Extending the right to either ministers of religion or civil celebrants to
conscientious grounds met with even stronger resistance from submitters, given
the lack of precedent under Australian law and the risks presented.
3.120
The committee is guided by the limited usage of conscientious belief in
Australian law today and notes that to allow conscientious belief to be used to
allow discrimination against a class of persons would be unprecedented under
Australian law. The Committee would be disinclined to disturb decades of
anti-discrimination law and practice in Australia.
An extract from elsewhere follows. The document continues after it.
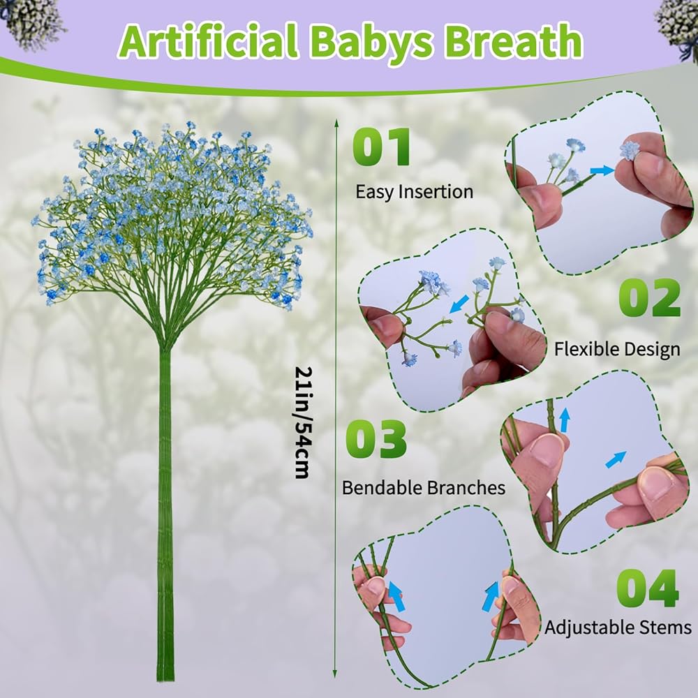 Maintenance Free: These babys breath artificial flowers are soft and lifelike and require no maintenance or watering. Even after the test of time and weather, they remain fresh and vivid and beautiful. Especially for those with flower allergies, our faux baby breath flowers are ideal choice

Overall, the weight of
evidence received in this inquiry suggests there are philosophical questions
that go to the very definition of religion, marriage, and a democratic society
that require full consideration.
3.121
In human rights law, the freedom to thought or conscience, or to have a
religion or belief are protected unconditionally, but the manifestation of
religion or belief are subject to some limitations under the ICCPR. Extending protections
in the context of same-sex marriage on conscientious grounds introduces the
complex question of whether the manifestation of a non-religious conscientious
belief has the same level of protection as religious belief under international
human rights law in this specific area.
3.122
General Comment 22 makes the specific point that equal protection is
afforded to conscience, and as such any attempt to differentiate on the rights
of an individual based on conscience vs religion may be contested (noting that
as far as the committee is aware, this has been considered in the courts, to
date. However the weight of evidence received in this inquiry suggests there
are schools of thought that go to the very definition of religion, marriage,
and a democratic society that require full consideration.
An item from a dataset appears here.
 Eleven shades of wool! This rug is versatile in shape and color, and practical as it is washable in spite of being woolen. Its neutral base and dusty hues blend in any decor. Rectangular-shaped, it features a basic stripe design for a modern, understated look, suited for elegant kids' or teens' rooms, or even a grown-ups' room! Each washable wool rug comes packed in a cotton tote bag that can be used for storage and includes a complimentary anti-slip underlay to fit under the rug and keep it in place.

A broader protection of the right to freedom
of conscience and religion
3.123
Several submitters and witnesses referred to experience internationally
and in Australia, where the same-sex marriage debate and/or the legalisation of
same-sex marriage has led to adverse action against individuals who hold and
manifest the religious or conscientious belief that marriage is between a man
and a woman.[100]
3.124
The cases cited most often involved individuals employed by the State
and/or small businesses in the wedding industry. Associate Professor Foster
submitted:
Many of the cases overseas have involved businesses who were
perfectly happy to serve gay customers generally. But when it comes to a
specific ceremony, the sole aim of which is to celebrate and rejoice over the
entry into a long-lasting same sex relationship, which is contrary to the moral
teaching of most mainstream religious groups: then these people have simply
wanted to be able to politely decline to be dragooned into providing their
support.[101]
3.125
Associate Professor Foster submitted that such experience has resulted
in a perceived threat to freedom of speech:
...especially so since litigation against the Roman Catholic
Archbishop of Hobart, claiming that material he had issued to Roman Catholic
schools on the traditional Roman Catholic views on sexual behaviour, had caused
"offence" under the very broadly worded s 17 of the Anti-Discrimination
Act 1998 (Tas). Perhaps with some justification, there are concerns that if
this litigation (which was approved to continue by a Tasmanian tribunal, before
eventually being abandoned) went so far when the view being put was consistent
with current Australian law, then there would be even more pressure to be
silent following a change of the law to allow same sex marriage.[102]
3.126
The Apostolic Church of Australia agreed:
The current freedoms we possess will be stifled and the
consequences for religious freedom will be serious, as they have been for those
overseas that have adopted similar suggestions...ministers will have less freedom
when it comes to acting as a minister should this suggestion be passed.[103]
3.127
Mr Christopher Brohier from the Wilberforce Foundation said:
...the parliament cannot ignore that there are lots and lots of
Australians who are sincerely opposed to same-sex marriage...Those people should
not be labelled as illegal discriminators...Their religious conscientious
identity is just as much a part of their identity as a person who identifies as
a same‑sex attracted individual.[104]
Protection against discrimination
on the basis of religious belief
3.128
Some submitters and witnesses contended that, in general, Australia
needs better protection of the right to freedom of conscience and religion. For
example, the Institute for Civil Society submitted that, unlike other
countries, there is no statutory right to religious freedom:
We are really pressing a right not to be discriminated
against for holding a view in favour of traditional marriage...there is no
statutory protection against discrimination on the ground of religion in
federal law, NSW law and very little in South Australian law. Whereas
discrimination on the grounds of sexual orientation is prohibited in all
Australian jurisdictions. Thus there is a significantly greater coverage of
discrimination law protection of sexual orientation than of religious belief
and activity.[105]
3.129
The Human Rights Law Centre were also strongly supportive about ensuring
that religious freedom should be better protected in law:
We are also very happy for the provision around religious
freedom to be framed in a positive way. Religious freedom should be protected
in law. Indeed, we are on record in a number of inquiries supporting the
addition of religious belief to protections under federal anti-discrimination
law.[106]
3.130
The Human Rights Commissioner, Ed Santow, told the committee that
protection for freedom of religion could 'logically' be included in
consolidated anti-discrimination law. In
2012, the Australian Government had considered such a reform, releasing an
exposure draft of the Human Rights and Anti-Discrimination Bill 2012.[107] The Bill was referred to the
Senate Legal and Constitutional Affairs Legislation Committee for examination.[108] However, after that committee's
report was tabled, the Australian Government decided not to proceed with
the legislative consolidation at that time.[109]
3.131
In the absence of a consolidated anti-discrimination law, the Human
Rights Commissioner said:
...you could have a stand-alone statute that specifically dealt
with freedom of religion or you could expand the Racial Discrimination Act.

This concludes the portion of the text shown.